GlaxoSmithKline’s Tafinlar Receives FDA ‘Breakthrough’ Status
GlaxoSmithKline’s (GSK) Tafinlar (dabrafenib) was yesterday granted ‘breakthrough’ status by the US Food and Drug Administration (FDA), meaning it will be fast tracked through the US regulatory system.
The US regulatory body granted authorisation to accelerate Tafinlar’s development as a drug for metastatic BRAF V600E mutation-positive non-small cell lung cancer (NSCLC), in patients who have had at least one prior line of platinum-containing chemotherapy.

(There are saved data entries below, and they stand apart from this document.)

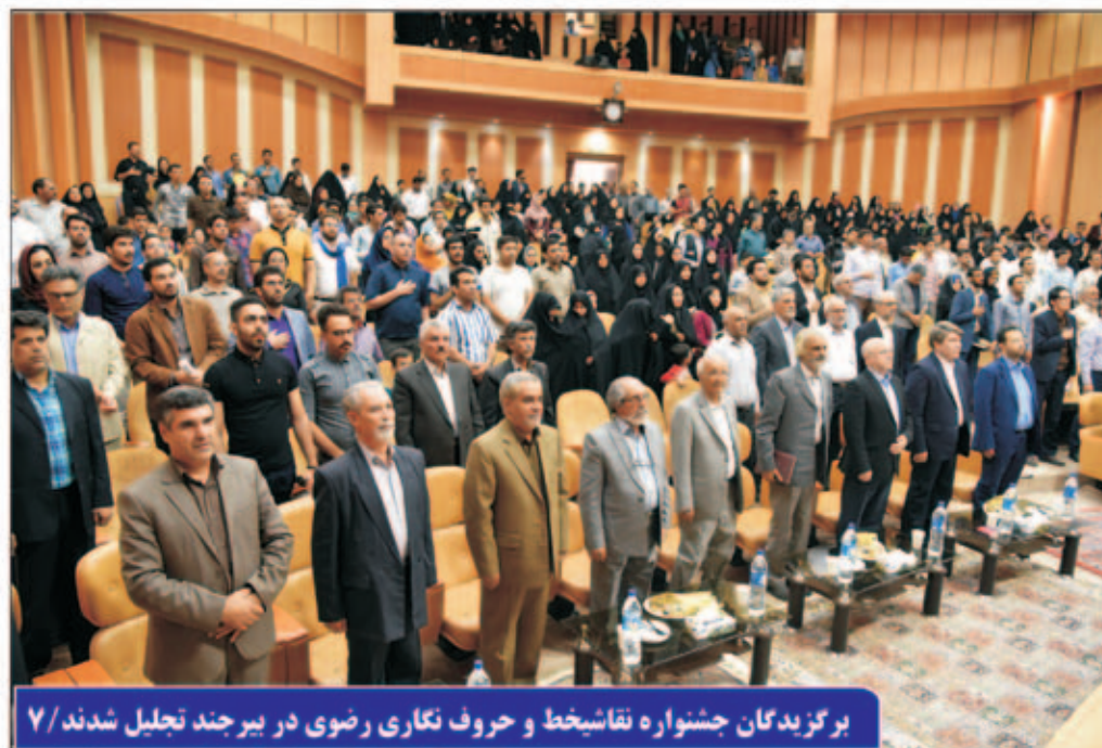
برگزیدگان جشنواره نقاشیخط و حروف نگاری رضوی در بیرجند تجلیل شدند/۷
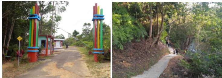
Gambar 2 Akses Jalan Menuju Wisata Pancur Aji
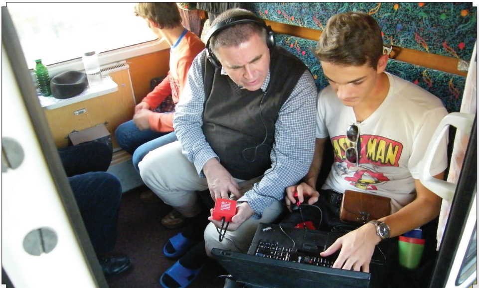
A közös érdeklődés a hosszú vonatutat is kellemesebbé teszi
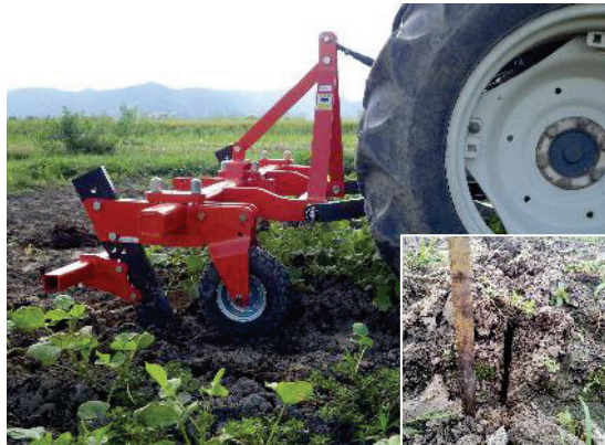
トラクタで畦間サブソイラをけん引している様子 (右下はけん引跡を横から見た図)

※畦間サブソイラ:土壌の表面は耕起せず、硬い耕盤に亀裂を入れて、透水性の改善を図る機器
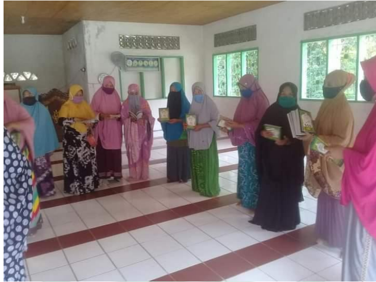
Gambar 3. Proses Pembelajaran Alquran
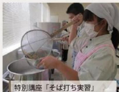
特別講座「そば打ち実習」
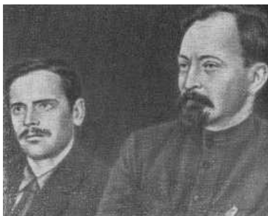
Ф. Э. Дзержинский и А. А. Андреев на конференции союза железнодорожников. 1923 г.
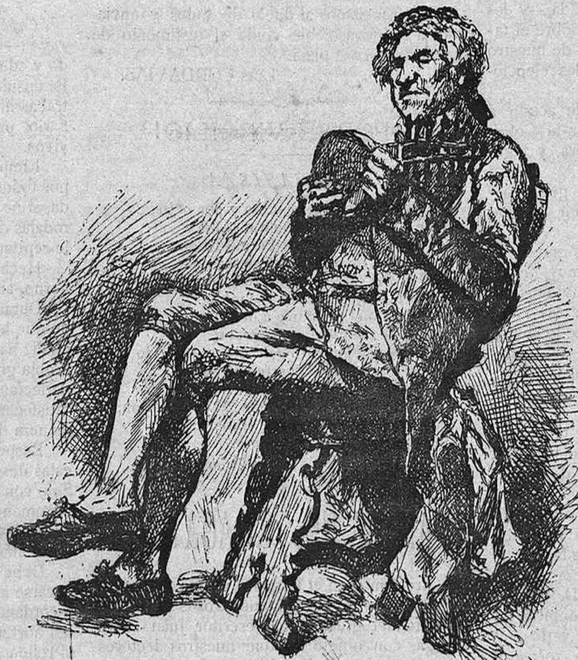
Un violinista de antaño
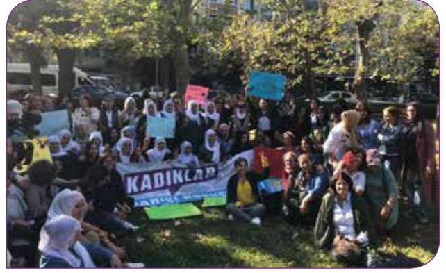
"Kadınlar Barışı Konuşuyor" etkinliği

Yapılan çalışmalarda bütün kadınları kapsayıcı hizmet anlayışından uzak bir anlayış söz konusu. Ailelerinin farklı görüşe sahip olduğuna inanılan kadınlara verilen hizmetlere son verilmesine yönelik girişimlerde bulunuluyor. Toplumda gruplaşmaya ve ayrımcılığa neden olan yaptırım ve uygulamalar mevcut. İnsanlar arasındaki iletişime zarar veriyorlar ve bunun sonucunda kişiler arasında kırılmalar ve tartışmalar yaşanıyor. Yerel halkın istihdamı yerine başka illerden özellikle getirilen kişiler istihdam ediliyor. İŞKUR üzerinden yapılan alımlarda ekonomik açıdan mağdur kadınlar işe alınmayarak emniyet mensuplarının eşlerine öncelik veriliyor. Toplumun manevi ve kültürel değerlerine önem vermek yerine yöneticilerin kişisel beğenilerine önem veriliyor ve bunun yansımalarını da şehir mimarisinde görebiliyoruz. Kayıym uygulamaları sonucunda belediyelerde çalışan ve belediyenin hizmet ulaştırması gereken kadınlar doğrudan ve dolaylı olarak birçok mağduriyet yaşadığı ve yaşamaya devam ediyor.
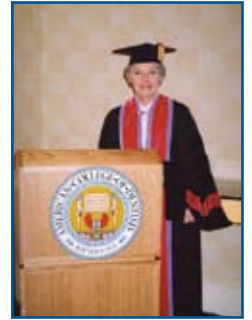
Η καθ. Μ. Σπυροπούλου στο βήμα του American College of Dentistry

Η Καθηγήτρια Μερόπη Ν. Σπυροπούλου είναι ο δεύτερος οδοντίατρος από την Ευρώπη και ο πρώτος από την Ελλάδα, στον οποίο απονέμεται αυτή η διάκριση του Αμερικανικού Κολλεγίου Οδοντιάτρων από το 1920 έως σήμερα.
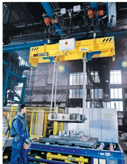
T Pojemność: 2 tony Odległość pasa: 900 – 2000 mm Modyfikacja: elektryczny
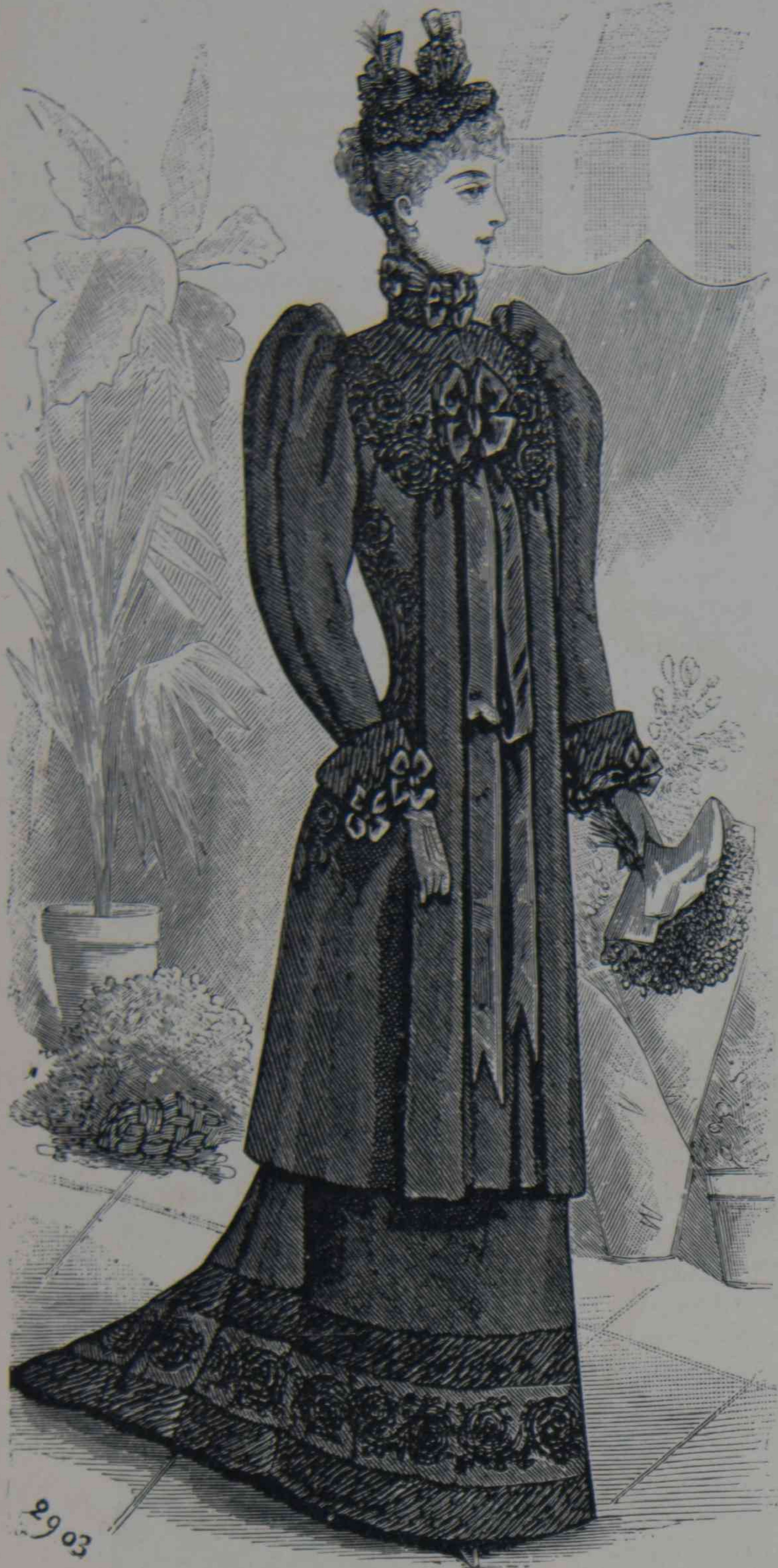
10. — Toilette de lutto.
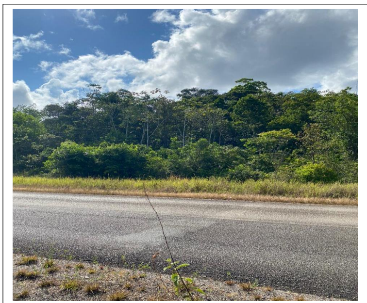
Photo 1 Environnement lointain

Date : demande déposée dès réception du récépissé.
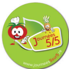
Journée 5/5 - www.journee5sur5.re - DR

Le pire : une pizza faite d'une pâte grasse (farine, graisse de palme) et d'une garniture de type « succédané ». Le meilleur : une pizza avec une pâte à pain, des tomates, de la mozzarella et des herbes. Simple ?
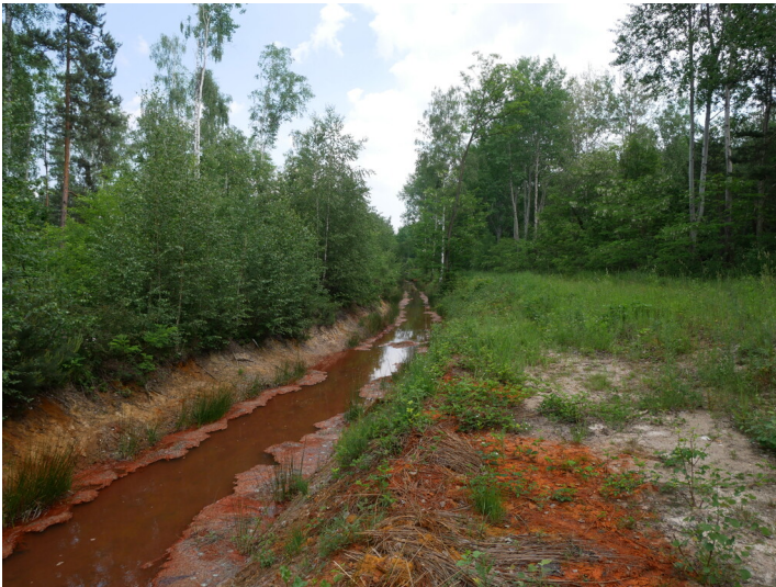
Meuroer Graben
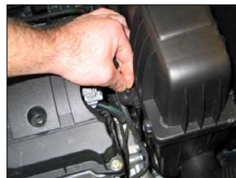
Fig. # 3
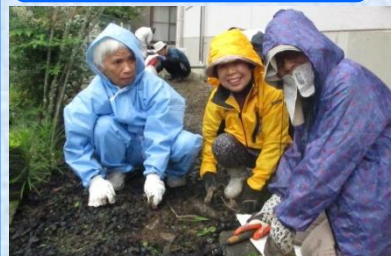
清掃活動を行う「佐礼谷老人クラブ」 の皆さん

老人クラブでは、各単位 で清掃等のボランティア 活動を行っています。 6月23日には、「佐礼谷 老人クラブ」の皆さんが 佐礼谷診療所周辺等の除 草作業を行いました。
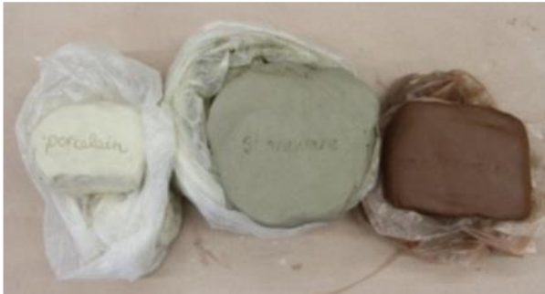
شكل (1) يوضح الإختلاف بين الطين الأسوانلي بلونه البني

- مرحلة الحريق الأول (فخار): ويتم فيها رص قطع الحلي الجافة فوق بعضها بحذر حتى لا يتم كسر بعض القطع في أفران الحريق الخاصة بالخزف, مع رفع درجة حرارة الفرن تدريجياً ببطء إلى الوصول لدرجة الحرارة المطلوبة بحسب نوع الطينة المستخدمة. وبعد خروج قطع الحلي من الفرن يظهر بها التأثير الشكلي الناتج عن الثمار والبذور المستخدمة في كل قطعة كما تترك بعضها تأثيراً لونياً في مكانها ناتجاً عن نسبة العناصر المعدنية الملونة الموجودة بها.
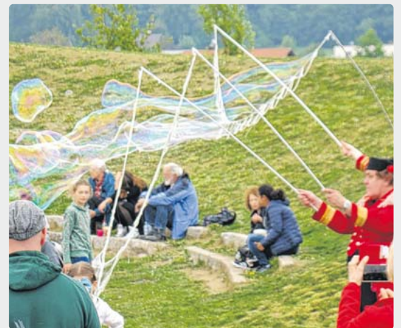
pst / Bild: pst

Gilching · Mit einem großen Fest verabschiedet der Abenteuerspielplatz (ASP) der Gemeinde an der Gilchinger Frühlingstraße 16 den Sommer. Am Freitag, 20. September sind alle Kinder von 15 bis 18 Uhr eingeladen. Es erwartet sie ein Stationslauf, bei dem sie Geschicklichkeit beweisen müssen, eine Hüpfburg, verschiedene Bastelangebote und vieles mehr.
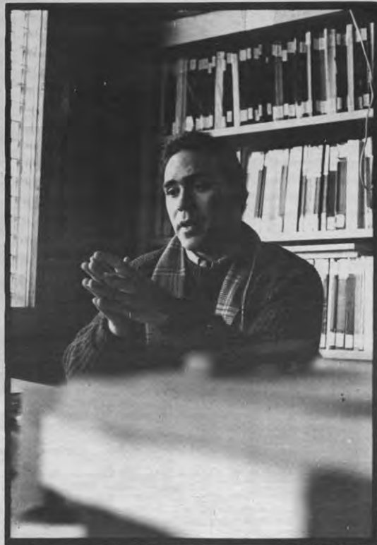
Wat heeft die tussen zijn vingers zitten?

Arawjo: «Er zijn inderdaad mensen die dat denken. Ze baseren zich daar-
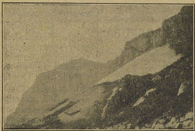
Cantil oriental del Peñón.—Cisterna.

Catedrático del Instituto de Aguilar y Eslava
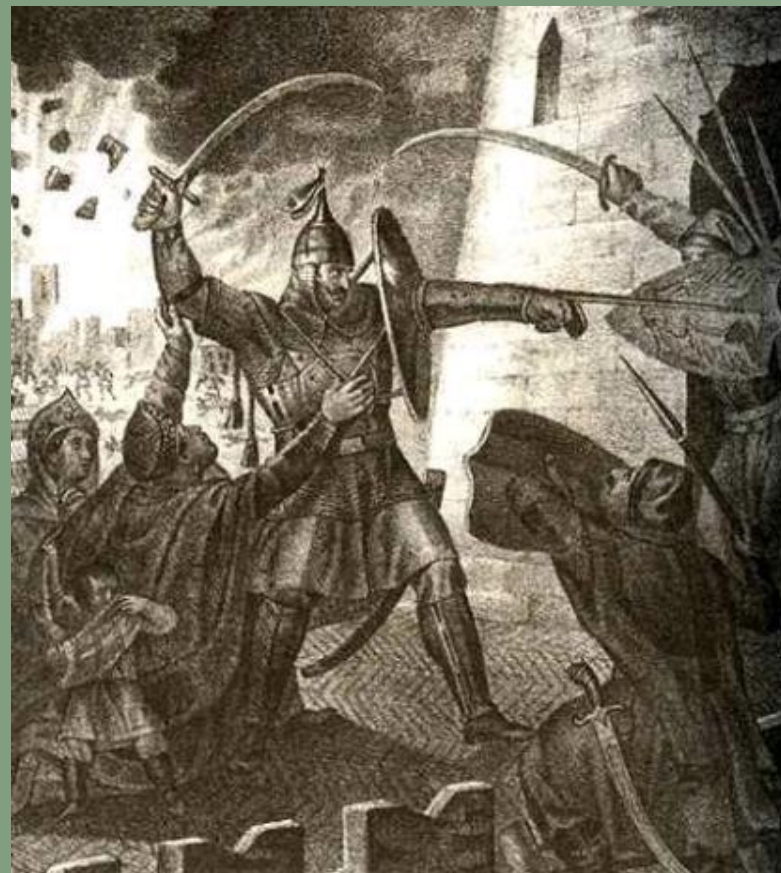
Михаил Борисович Шеин
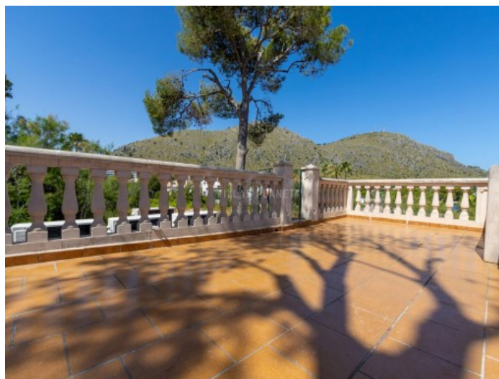
Terraza con vistas al Puig de Son Martí

Toda la información como mejor se puede saber, salvo por error durante el periodo de venta. Sirva este documento como un informe previo, las bases legales solo serán válidas a través de un contrato de compra acordado ante Notario.
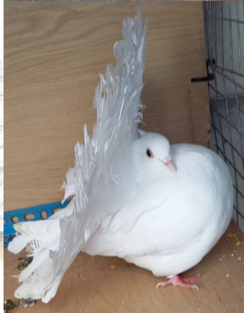
Nog twee nuwelinge wat ons van die Fantail Prestigeskou af saam gebring het
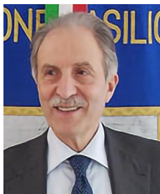
Vito Bardi Presidente Regione Basilicata

È con grande gioia e orgoglio che saluto la grande famiglia di Special Olympics che ha deciso di individuare nelle città di Potenza e Pignola le sedi dei Play the Games 2023 di atletica, bocce, equitazione e hockey in programma dal 19 al 21 Maggio prossimi. Un
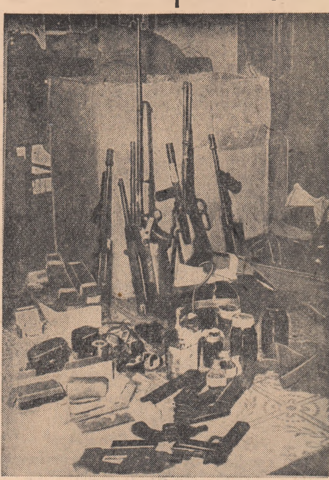
O parte din armamentul și echipamentul de proveniență americană găsit asupra bandei de contrarevoluționari creșteați de autoritățile

HAVANA 10 (Agerpres). — Ziarul „Revolucion” publică date apărute în revista americană „National” despre pregătirile care au loc pe teritoriul Guatemalei în vederea bombardării rafinăriilor de petrol din Cuba. Piloții care consimt să arunce bombe de fabricație americană asupra acestor uzine primesc câte 25.000 de dolari.
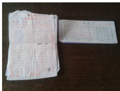
图十 采购原始凭证

该校实行定点采购，但采购周期不固定，采购价格与当地的行情基本一致，但调查人员发现，当地的猪肉及其他蔬菜价格行情普遍较高，如猪肉行情价一直在 15 元/斤左右。根据调查人员对今日出库食材的观察，食材均较新鲜。调查人员在现场见到了食材采购相关凭证，保存完整，但部分凭证无经手人签字。调查人员到校当天因该校上一次采购食材刚好消耗完，故没能查看到食材库存，但查看了大米及食用油、鸡蛋等库存，根据账目记录情况基本正常。
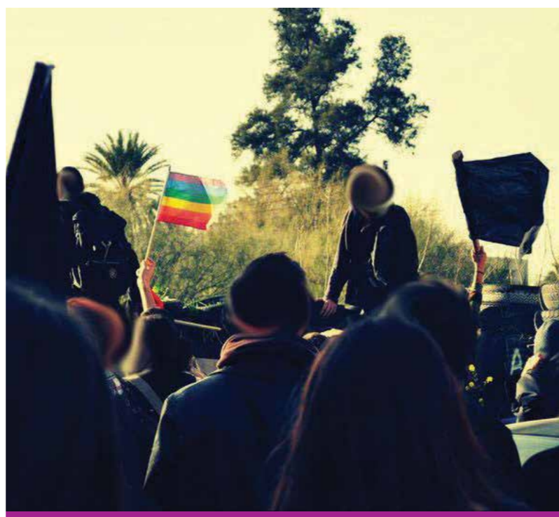
Πορεία για μια Αποστρατιωτικοποιημένη Λευκωσία, 19 Φεβράριου 2011
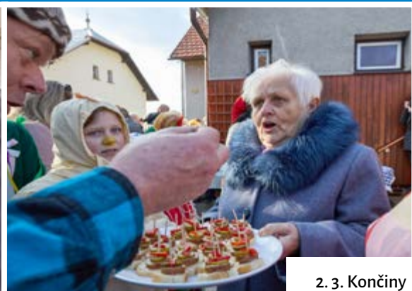
2. 3. Končiny
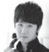
島田光博(ヴァイオリン)
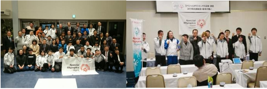
1/27 (日) 2019 年度総会・コーチクリニック・新年の集い 開催
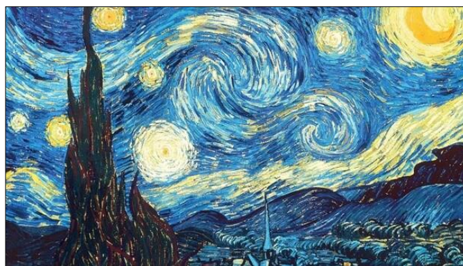
Rajah 1: Karya Starry Night oleh Vincent Van Gogh, 1889 Cat minyak atas kanvas 73.7 cm × 92.1 cm.
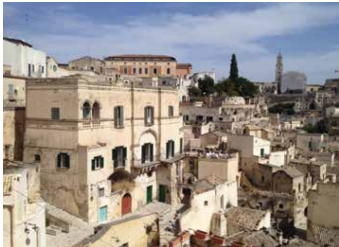
Figura 10. El Sasso Barisano, con el campanil del Duomo al fondo.

Lung cancer is the second most common cancer, and is the leading cause of cancer-related death globally. Recent advances into the understanding of tumour biology have identified genetic mutations that can drive malignant cell growth and tumour proliferation in non-small cell lung cancer.
The decision to grant ‘breakthrough’ status was based on the interim efficacy and safety data from an ongoing Phase II clinical study of Tafinlar in patients with the mutation, which is believed to affect roughly 2% of those with NSCLC.
While no complete responses had yet been observed, findings from the clinical trial showed that 40% of patients had a partial response, 20% were considered to have stable disease and 30% had progressive disease.
Tafinlar has not previously been approved or licensed anywhere in the world for use in this setting, but the FDA have recently approved the drug, in combination with Mekinist (trametinib), to treat patients with unresectable or metastatic melanoma who have BRAF V600E or V600K mutations.